Your assignment
Without including any picture, write out the entries exactly as they stand.

Material provided
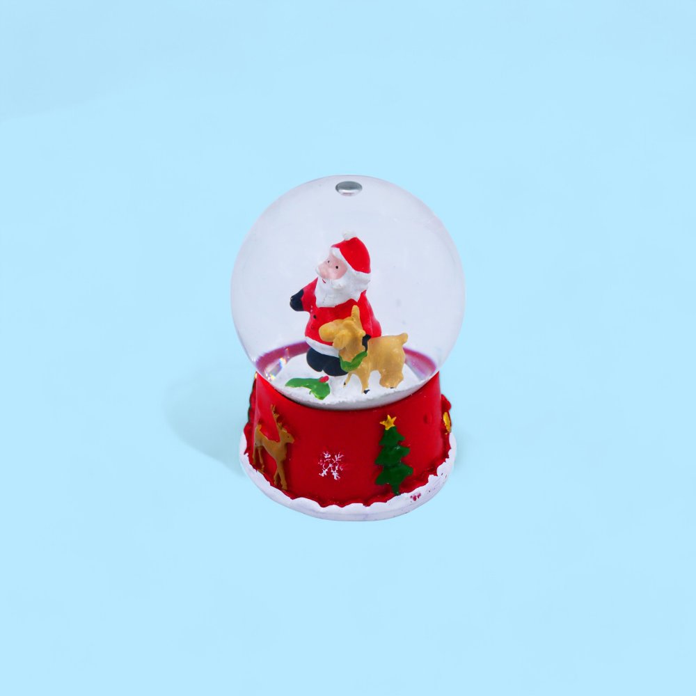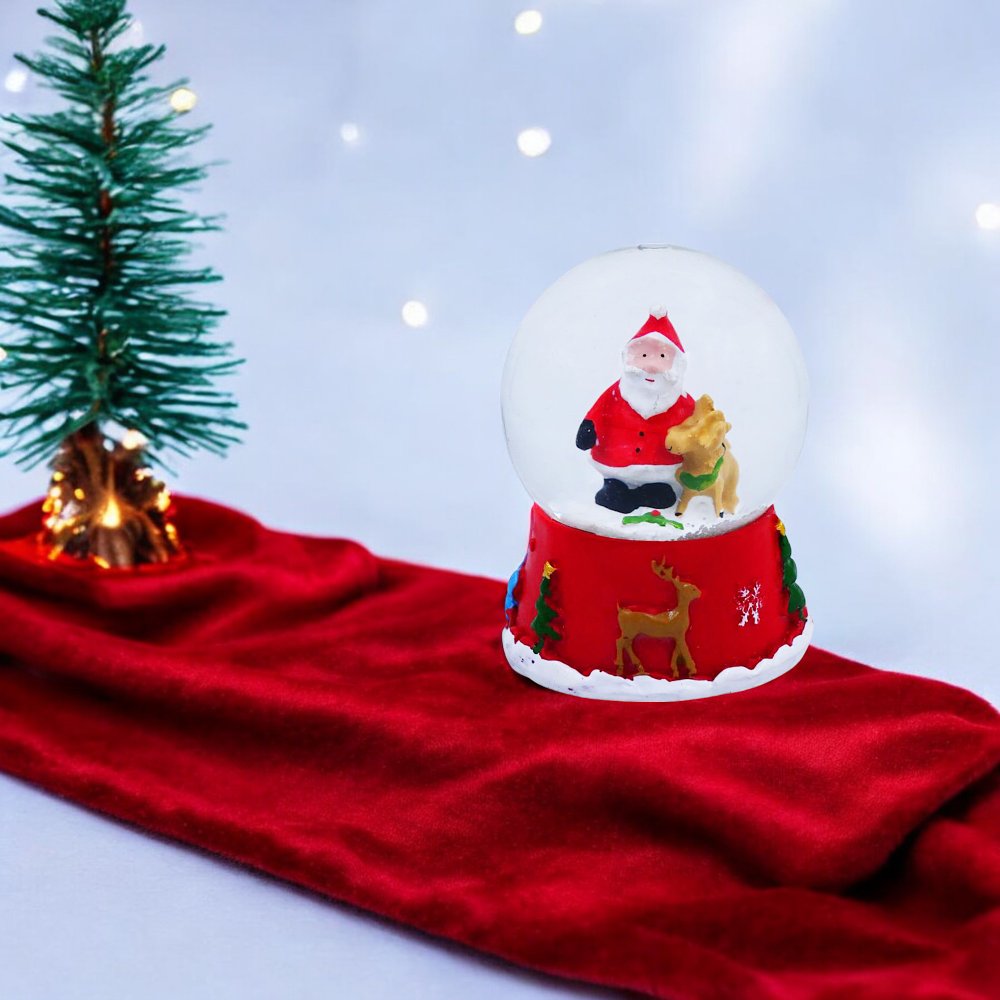 This festive snow globe features a charming scene with Santa Claus and a reindeer inside a clear glass dome. The base of the snow globe is decorated in bright red with images of a reindeer, Christmas trees, and snowflakes, adding to the holiday spirit. Perfect for holiday decor or as a gift, this snow globe captures the magic of Christmas with its delightful design and vibrant colors.
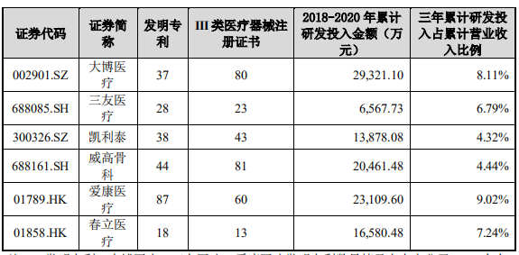 從研發費用來看,2018年至2020年春立醫療研發費用率分別為7.12%、6.75%和7.74%,與同行研發投入平均水平相差不多。
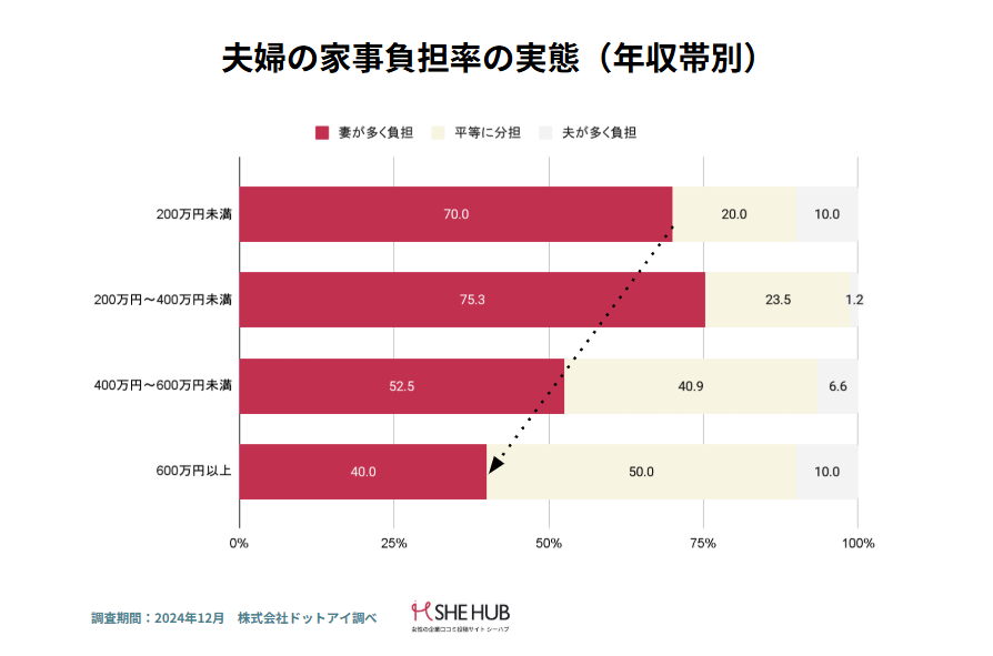 株式会社ドットアイ(本社:東京都中央区、代表取締役:大崎恵理子)は、女性向けクチコミ転職サイト『SHEHUB(シーハブ)』において、共働き世代の家事・育児負担の実態の把握を目的として、共働き世代933名を対象にアンケート調査を実施しています。この度、2024年12月~2025年2月に実施した調査の結果がまとまりましたので、概要をお知らせいたします。
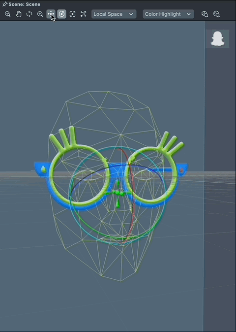 Use the Move, Rotation, and Scale tool at top of the Scene Panel to change the transform of your 3D objects in relation to the head binding.
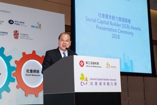 压轴环节为社会资本动力奖颁奖礼,由政务司司长张建宗先生,GBS,JP莅临主礼,表扬卓越基金计划、协作伙伴,以及对建立社会资本有重要贡献的机构和人士。

Response to the task
 This festive snow globe features a charming scene with Santa Claus and a reindeer inside a clear glass dome. The base of the snow globe is decorated in bright red with images of a reindeer, Christmas trees, and snowflakes, adding to the holiday spirit. Perfect for holiday decor or as a gift, this snow globe captures the magic of Christmas with its delightful design and vibrant colors.
 從研發費用來看,2018年至2020年春立醫療研發費用率分別為7.12%、6.75%和7.74%,與同行研發投入平均水平相差不多。
 株式会社ドットアイ(本社:東京都中央区、代表取締役:大崎恵理子)は、女性向けクチコミ転職サイト『SHEHUB(シーハブ)』において、共働き世代の家事・育児負担の実態の把握を目的として、共働き世代933名を対象にアンケート調査を実施しています。この度、2024年12月~2025年2月に実施した調査の結果がまとまりましたので、概要をお知らせいたします。
 Use the Move, Rotation, and Scale tool at top of the Scene Panel to change the transform of your 3D objects in relation to the head binding.
 压轴环节为社会资本动力奖颁奖礼,由政务司司长张建宗先生,GBS,JP莅临主礼,表扬卓越基金计划、协作伙伴,以及对建立社会资本有重要贡献的机构和人士。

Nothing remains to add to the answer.